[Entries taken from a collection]
▽

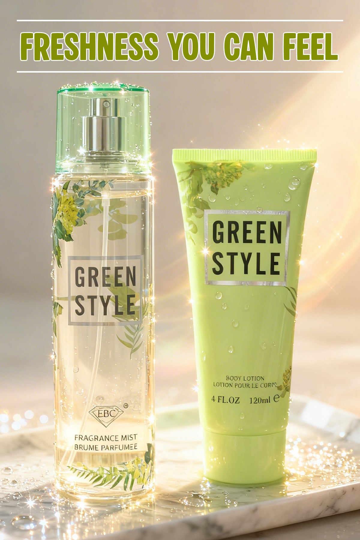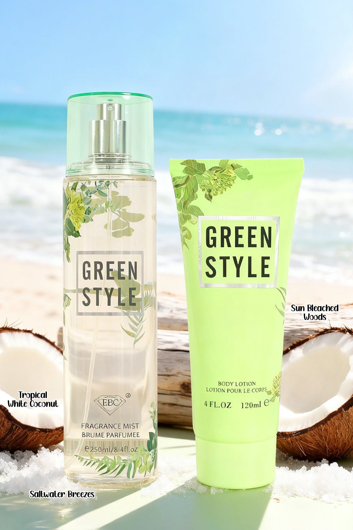 Escape to paradise with Green Style (SET). Experience a refreshing blend of tropical white coconut, invigorating saltwater breezes, and warm, sun-bleached woods. Your perfect fresh scent awaits.
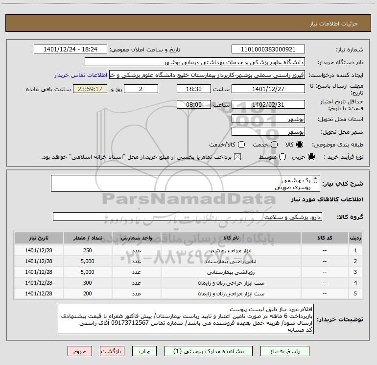 نام دستگاه خریدار:دانشگاه علوم پزشکی و خدمات بهداشتی درمانی بوشهر
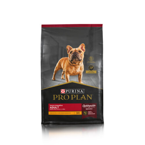 Provee nutrición de avanzada que ayuda a los perros de razas pequeñas a mantenerse fuertes y llenos de vitalidad. Para satisfacer las necesidades nutricionales específicas de los perros de razas pequeñas, PURINA® PRO PLAN® ha desarrollado Optihealth® Small Breed con una fórmula sumamente sabrosa. A través de croquetas más pequeñas, ofrece nutrición concentrada con óptimos niveles de proteínas (29%) y grasas (17%), utilizando carne fresca de pollo como ingrediente principal. Junto con una combinación equilibrada de vitaminas y minerales, brinda la energía y la protección para sustentar el tipo de metabolismo de los perros pequeños.
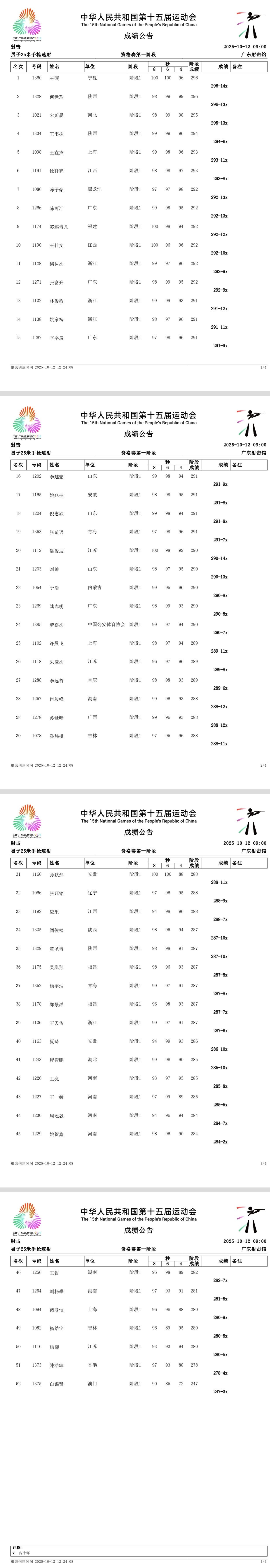 【赛事成绩】第十五届全国运动会射击男子25米手枪速射资格赛第一阶段成绩公告(10月12日)
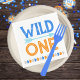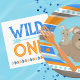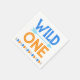 Blue Wild One First Birthday Paper Napkins in Blue, Orange, Brown, Forest Animals. Part of our Wild One 1st Birthday Collection. Also works great for "One Happy Camper" themes!
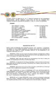 Resolution No. 2021-012 – RESOLUTION AUTHORIZING THE MUNICIPAL MAYOR, ATTY. SUZETTE T. ALQUISADA, TO DONATE TO THE FORMER MUNICIPAL OFFICIALS (2016-2019) THEIR RESPECTIVE PORTRAITS AS TOKEN OF THEIR VALUABLE SERVICE TO THE MUNICIPALITY OF TIGBAUAN, PROVINCE OF ILOILO.
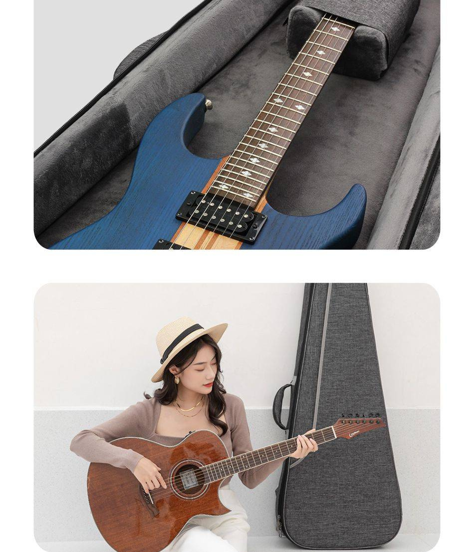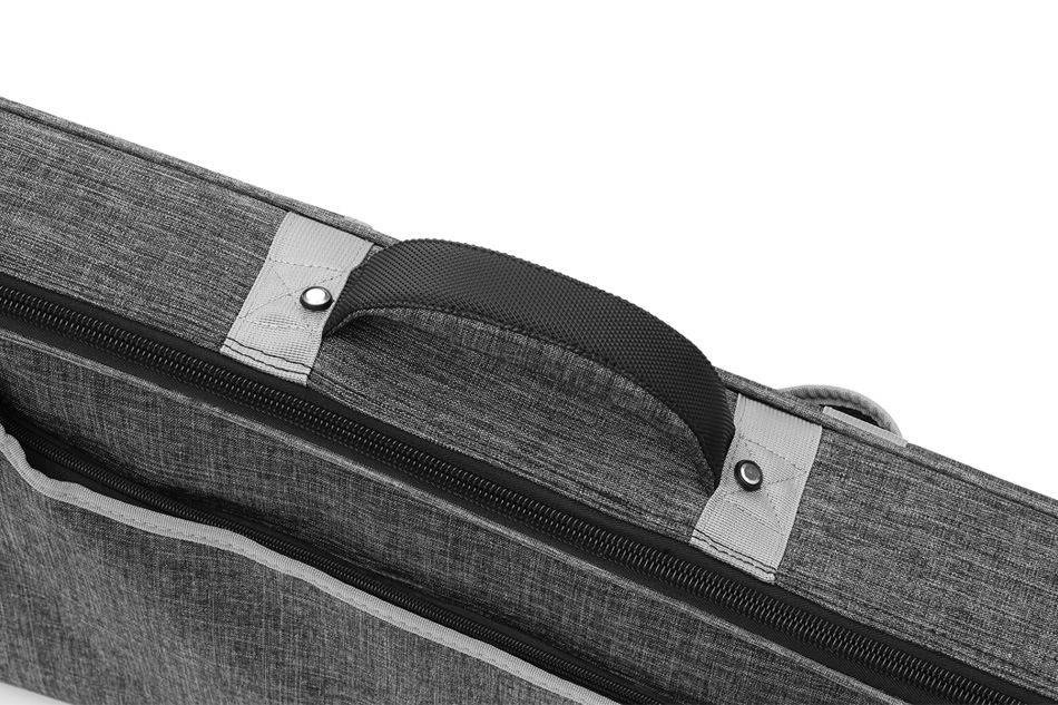 Ergonomiczna konstrukcja z regulowanymi szelkami pozwala wygodnie nosić pokrowiec jak plecak, a podpórka pod gryf utrzymuje instrument w stabilnej pozycji. Szary kolor i solidny zamek błyskawiczny nadają całości elegancki, profesjonalny wygląd.

△

Exercise objective =
Copy out every line above, word for word, minus images.

Response to the task =
 Escape to paradise with Green Style (SET). Experience a refreshing blend of tropical white coconut, invigorating saltwater breezes, and warm, sun-bleached woods. Your perfect fresh scent awaits.
 نام دستگاه خریدار:دانشگاه علوم پزشکی و خدمات بهداشتی درمانی بوشهر
 Provee nutrición de avanzada que ayuda a los perros de razas pequeñas a mantenerse fuertes y llenos de vitalidad. Para satisfacer las necesidades nutricionales específicas de los perros de razas pequeñas, PURINA® PRO PLAN® ha desarrollado Optihealth® Small Breed con una fórmula sumamente sabrosa. A través de croquetas más pequeñas, ofrece nutrición concentrada con óptimos niveles de proteínas (29%) y grasas (17%), utilizando carne fresca de pollo como ingrediente principal. Junto con una combinación equilibrada de vitaminas y minerales, brinda la energía y la protección para sustentar el tipo de metabolismo de los perros pequeños.
 【赛事成绩】第十五届全国运动会射击男子25米手枪速射资格赛第一阶段成绩公告(10月12日)
 Blue Wild One First Birthday Paper Napkins in Blue, Orange, Brown, Forest Animals. Part of our Wild One 1st Birthday Collection. Also works great for "One Happy Camper" themes!
 Resolution No. 2021-012 – RESOLUTION AUTHORIZING THE MUNICIPAL MAYOR, ATTY. SUZETTE T. ALQUISADA, TO DONATE TO THE FORMER MUNICIPAL OFFICIALS (2016-2019) THEIR RESPECTIVE PORTRAITS AS TOKEN OF THEIR VALUABLE SERVICE TO THE MUNICIPALITY OF TIGBAUAN, PROVINCE OF ILOILO.
 Ergonomiczna konstrukcja z regulowanymi szelkami pozwala wygodnie nosić pokrowiec jak plecak, a podpórka pod gryf utrzymuje instrument w stabilnej pozycji. Szary kolor i solidny zamek błyskawiczny nadają całości elegancki, profesjonalny wygląd.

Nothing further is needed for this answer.